**Prompt**
Word for word, please restate the line that contains "कर्जा चुक्ता नगर्ने" and all lines after it through the end of the material, minus the pictures.

**Stored data**
-- -- --

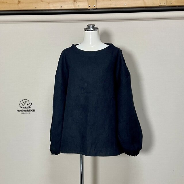 【厚手リネン】ボトルネックブラウス◆黒◆M・Ⅼ・LL(リネン100%)
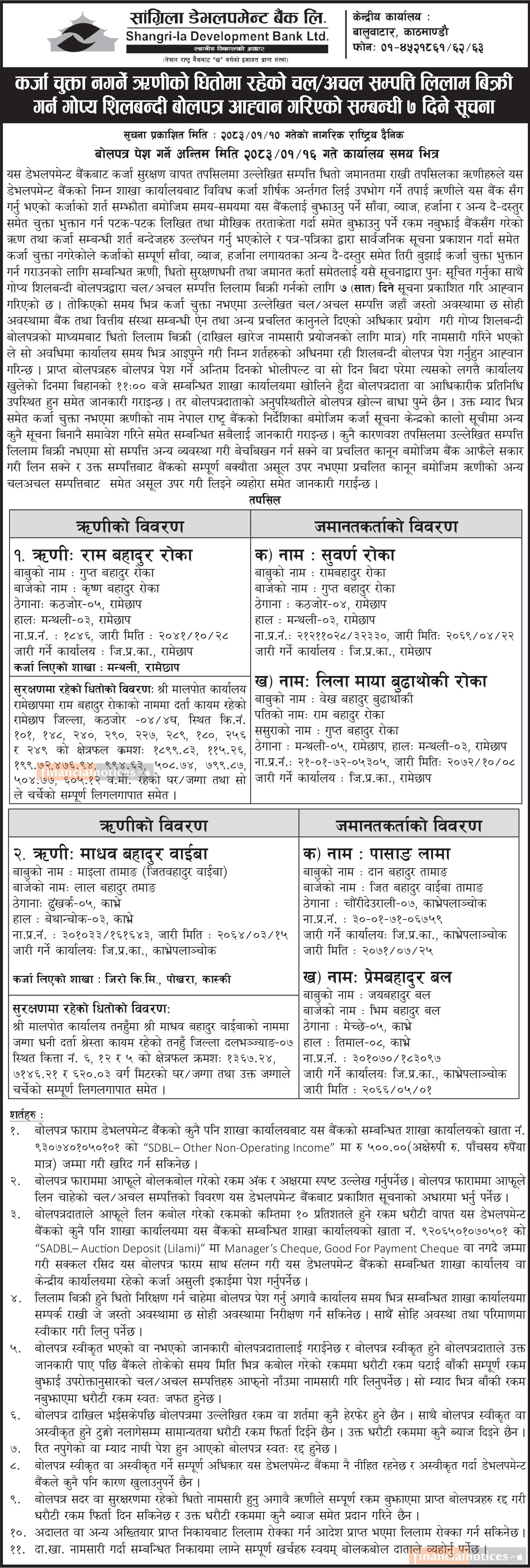 कर्जा चुक्ता नगर्ने ऋणीको धितोमा रहेको चल अचल सम्पत्ति लिलाम बिक्रीको ७ दिने सूचना -
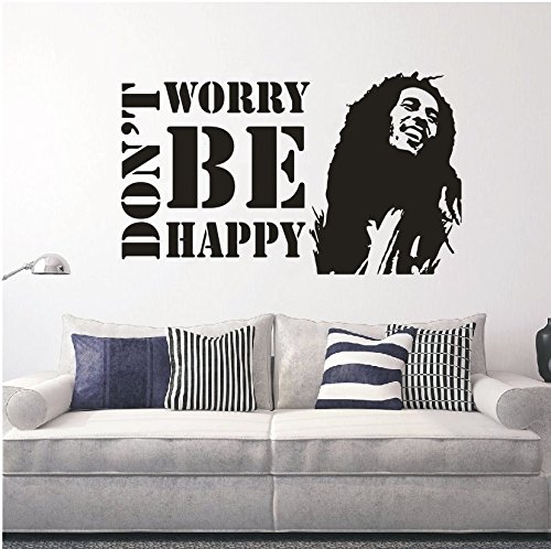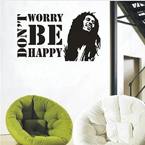 Vinyl Wall Decals Don't Worry Be Happy BOB MARLEY Music Quote Wall Sticker Art Interior Bedroom Indoor Decor Mural Home Decor Wallpaper KW-286 (BLACK, 42x75cm)
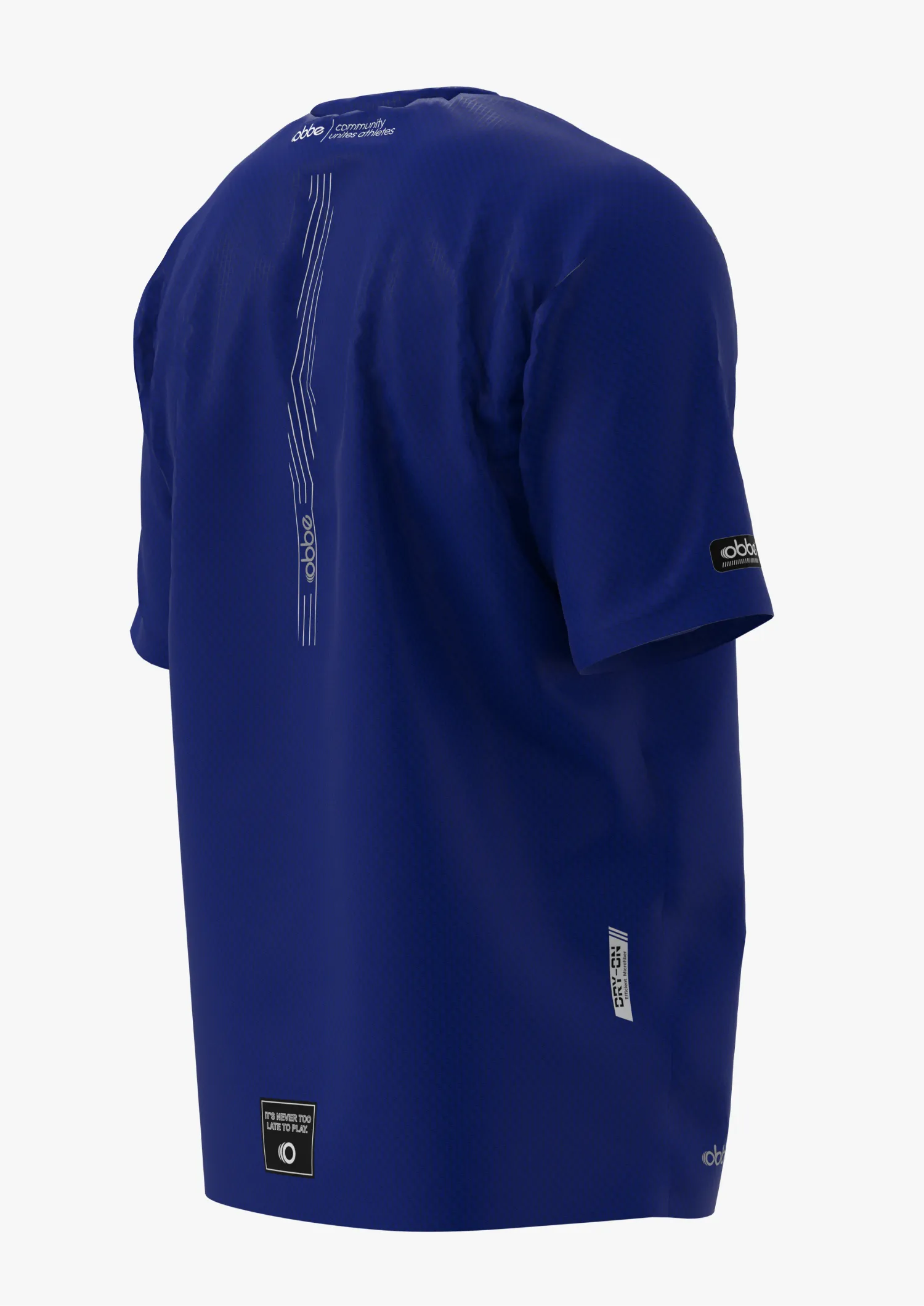 Camiseta de alto rendimiento para caballero de corte ajustado y moderno en color azul con detalles en gris claro.

-- -- --

**Exercise answer**
 कर्जा चुक्ता नगर्ने ऋणीको धितोमा रहेको चल अचल सम्पत्ति लिलाम बिक्रीको ७ दिने सूचना -
 Vinyl Wall Decals Don't Worry Be Happy BOB MARLEY Music Quote Wall Sticker Art Interior Bedroom Indoor Decor Mural Home Decor Wallpaper KW-286 (BLACK, 42x75cm)
 Camiseta de alto rendimiento para caballero de corte ajustado y moderno en color azul con detalles en gris claro.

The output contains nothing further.